WHAT YOU NEED TO DO:
Skip any image you find and restate the rest of the data word for word.

[Data entries]
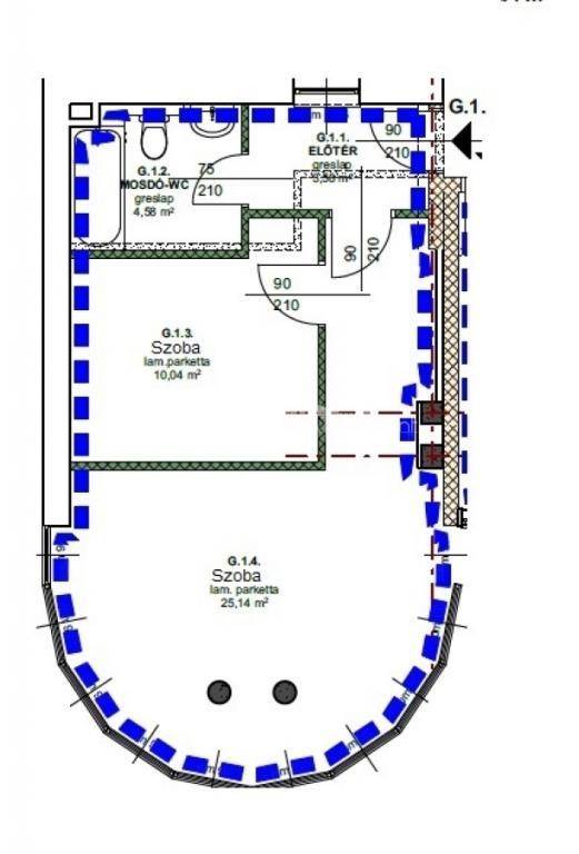 - fürdő, vizesblokk: terv szerinti elhelyezéssel
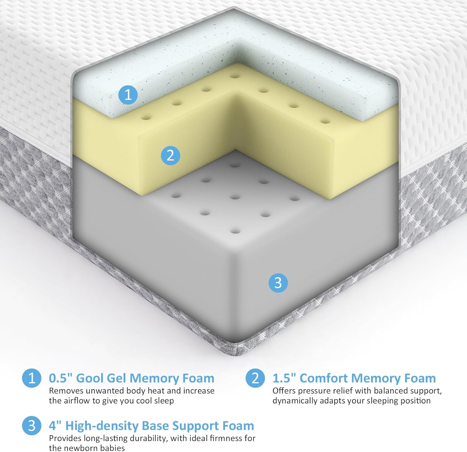 - 【Breathable & Comfortable Mattress】 Integrated with Gel-infused memory foam, open-cell memory foam and high-density support core, the triple-layered mattress helps to regulate temperature by accelerating air circulation and transferring unwanted heat away from the body, giving your baby a cool and comfortable sleep environment, thus ensures a through-the-night sleep
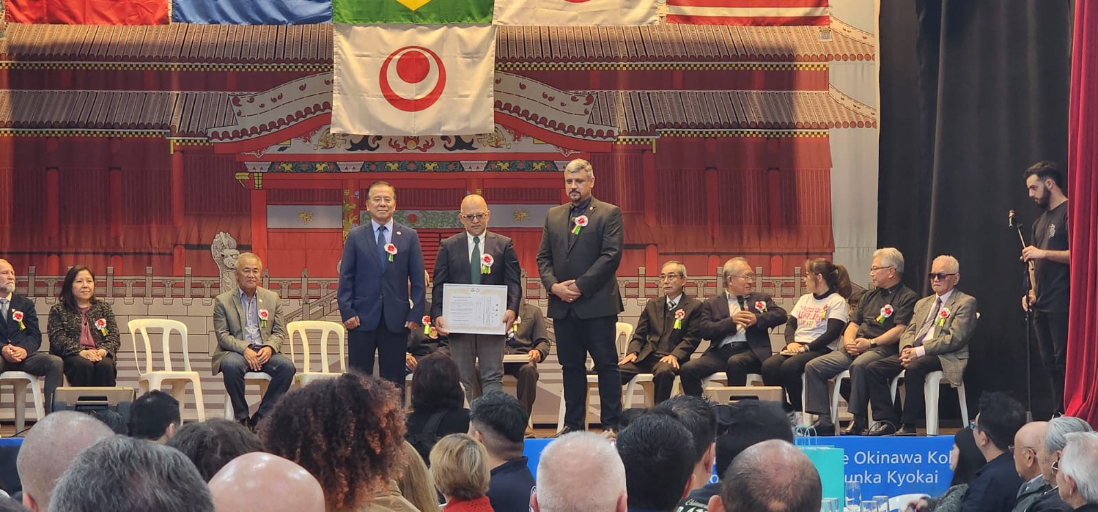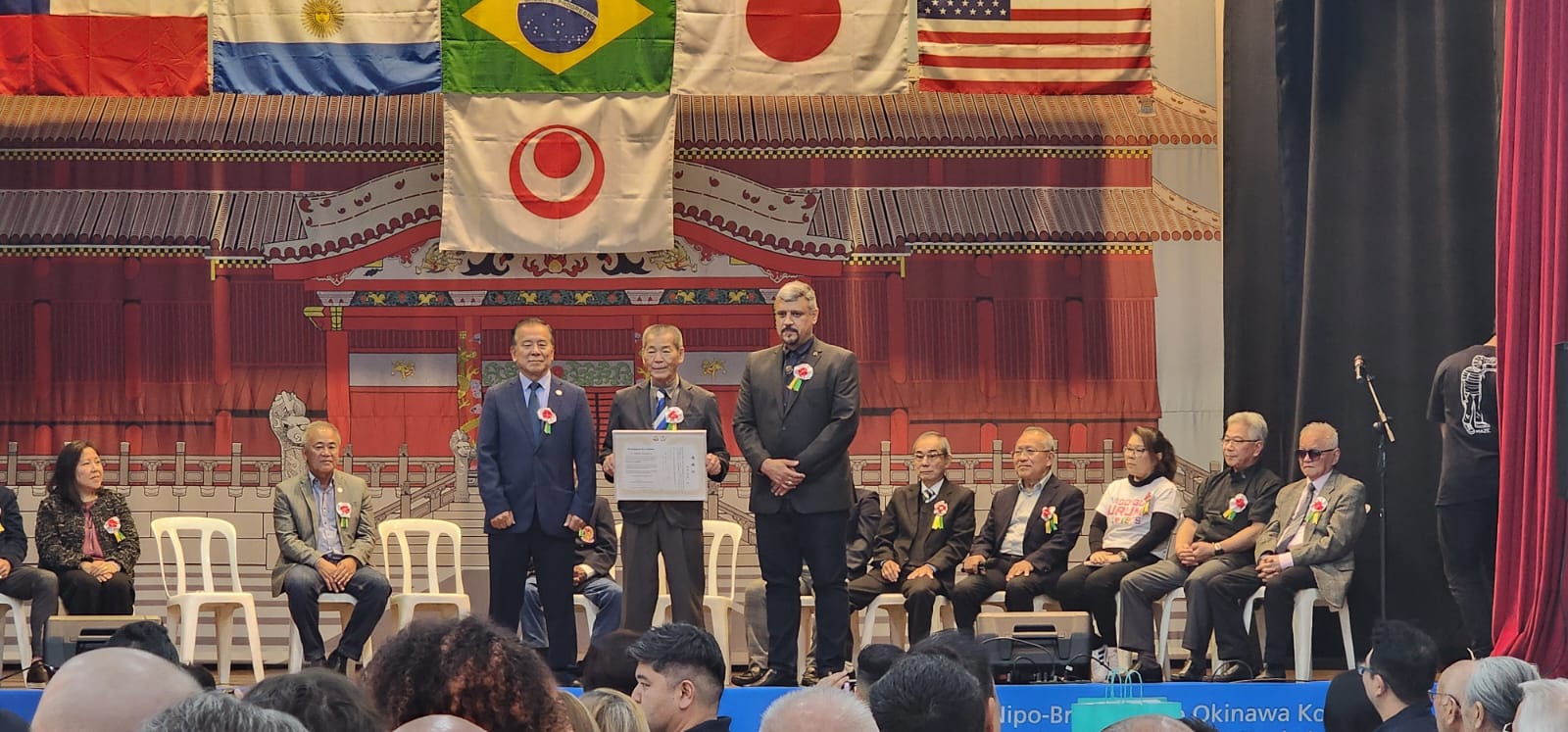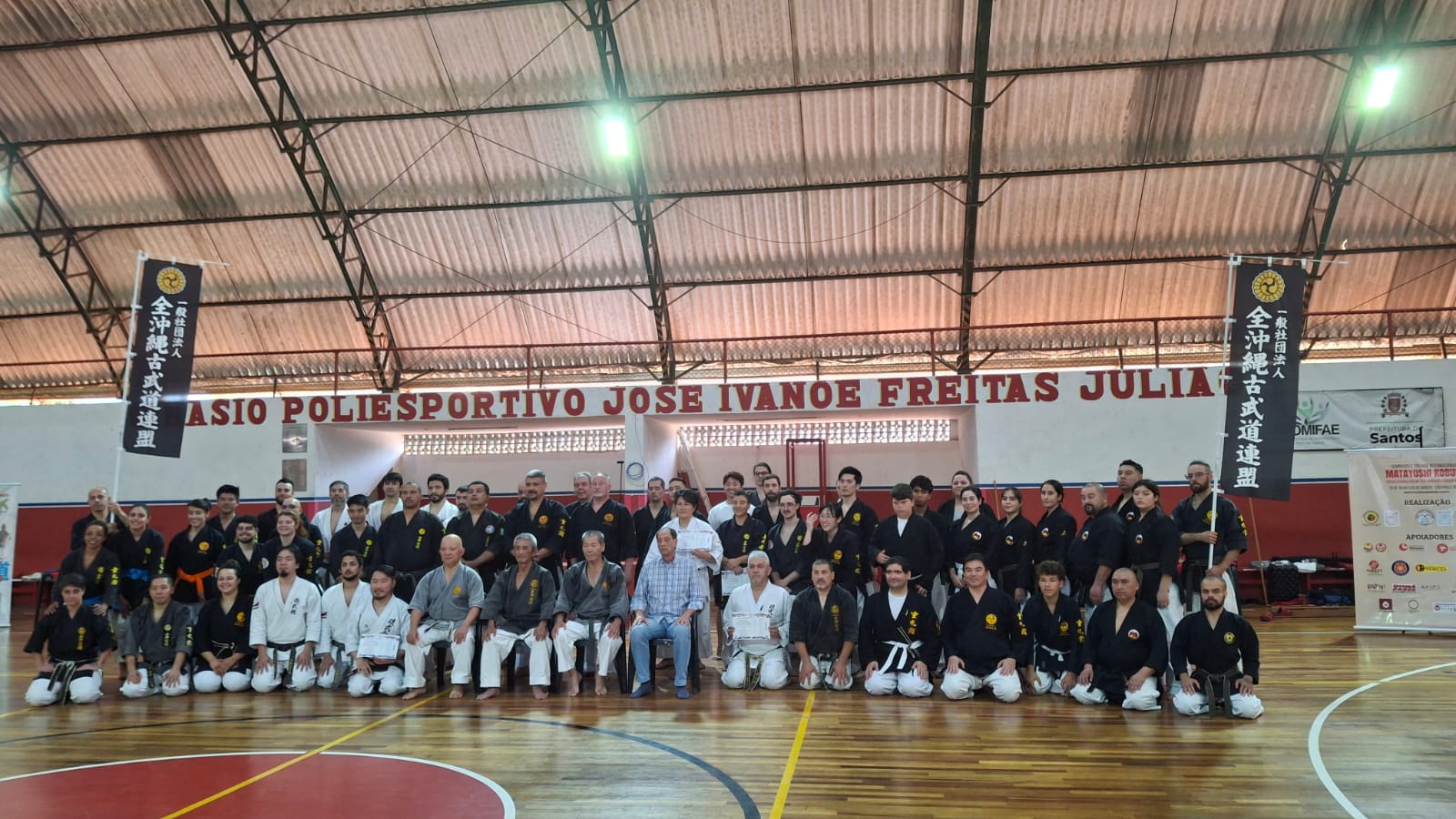 O evento inédito, realizado no dia 27 de julho, foi conduzido pelos mestres Seiki Takushi (Hanshi 10º Dan e presidente da instituição), Masamitsu Kamiya (Hanshi 9º Dan e diretor de instrução) e Kenichiro Kinjo (Kyoshi 7º Dan e secretário-geral), que vieram ao Brasil pela primeira vez para divulgar o Kobudo, arte marcial que representa o “caminho das armas antigas”, utilizando armas como bo, sai, tonfa, nunchaku, eku e kama.
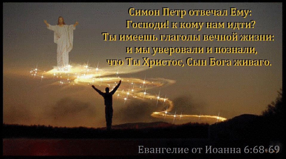 Стихи 68, 69. Хотя этот вопрос был обращён ко всем двенадцати, никто не удивился тому, что Пётр ответил за всех. Пётр, будучи импульсивным и нетерпеливым, произнёс первое, что пришло ему в голову: «Господи! К кому нам идти? Ты имеешь слова вечной жизни». Если оставившие Иисуса ученики рассуждали исключительно на физическом уровне и отказались принять духовную ценность учения Иисуса, то Пётр схватил его суть и значение. Ранее Иисус говорил, что Его слова были «духом» и «жизнью» (6:63), и Пётр принял эту истину. Ни у кого больше не было «слов вечной жизни» — только у одного Иисуса.
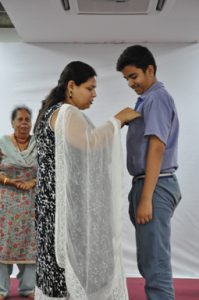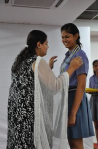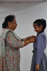 The new office bearers were announced and were conferred with badges by honourable Headmistress, Ms Rimpy Verma and Co-ordinator, Ms Swaraj Mehta. The new office bearers took the pledge to hold the school values in high esteem and deliver their duties with dedication, honesty and confidence. The Headmistress, Ms Rimpy Verma congratulated them and urged them to uphold the values. She advised them to be role models. The event concluded as the new leaders imprinted their hand prints on a screen thus becoming a part of another historical moment to be treasured and cherished.
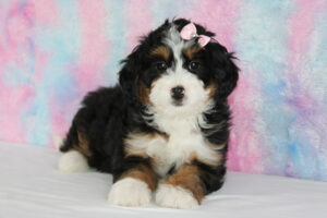Looking for a Bernedoodle but want a smaller size? Our Mini Bernedoodles may be just what you are looking for! All puppies are F1 – meaning 1st generation – puppies. All moms are purebred Bernese Mountain dogs. Dads to the puppies are Toy or Mini Poodles. A mini Bernedoodle can weigh 25-55 pounds and be 18-22 inches tall as an adult. Their life expectancy is 12-18 years. A mini Bernedoodle typically has a longer lifespan than a Standard Bernedoodle due to being smaller in size.
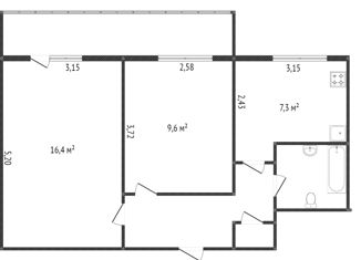 Общая площадь: 58.3 м2

RESULT OF THE EXERCISE:
 - fürdő, vizesblokk: terv szerinti elhelyezéssel
 - 【Breathable & Comfortable Mattress】 Integrated with Gel-infused memory foam, open-cell memory foam and high-density support core, the triple-layered mattress helps to regulate temperature by accelerating air circulation and transferring unwanted heat away from the body, giving your baby a cool and comfortable sleep environment, thus ensures a through-the-night sleep
 O evento inédito, realizado no dia 27 de julho, foi conduzido pelos mestres Seiki Takushi (Hanshi 10º Dan e presidente da instituição), Masamitsu Kamiya (Hanshi 9º Dan e diretor de instrução) e Kenichiro Kinjo (Kyoshi 7º Dan e secretário-geral), que vieram ao Brasil pela primeira vez para divulgar o Kobudo, arte marcial que representa o “caminho das armas antigas”, utilizando armas como bo, sai, tonfa, nunchaku, eku e kama.
 Стихи 68, 69. Хотя этот вопрос был обращён ко всем двенадцати, никто не удивился тому, что Пётр ответил за всех. Пётр, будучи импульсивным и нетерпеливым, произнёс первое, что пришло ему в голову: «Господи! К кому нам идти? Ты имеешь слова вечной жизни». Если оставившие Иисуса ученики рассуждали исключительно на физическом уровне и отказались принять духовную ценность учения Иисуса, то Пётр схватил его суть и значение. Ранее Иисус говорил, что Его слова были «духом» и «жизнью» (6:63), и Пётр принял эту истину. Ни у кого больше не было «слов вечной жизни» — только у одного Иисуса.
 The new office bearers were announced and were conferred with badges by honourable Headmistress, Ms Rimpy Verma and Co-ordinator, Ms Swaraj Mehta. The new office bearers took the pledge to hold the school values in high esteem and deliver their duties with dedication, honesty and confidence. The Headmistress, Ms Rimpy Verma congratulated them and urged them to uphold the values. She advised them to be role models. The event concluded as the new leaders imprinted their hand prints on a screen thus becoming a part of another historical moment to be treasured and cherished.
Looking for a Bernedoodle but want a smaller size? Our Mini Bernedoodles may be just what you are looking for! All puppies are F1 – meaning 1st generation – puppies. All moms are purebred Bernese Mountain dogs. Dads to the puppies are Toy or Mini Poodles. A mini Bernedoodle can weigh 25-55 pounds and be 18-22 inches tall as an adult. Their life expectancy is 12-18 years. A mini Bernedoodle typically has a longer lifespan than a Standard Bernedoodle due to being smaller in size.
 Общая площадь: 58.3 м2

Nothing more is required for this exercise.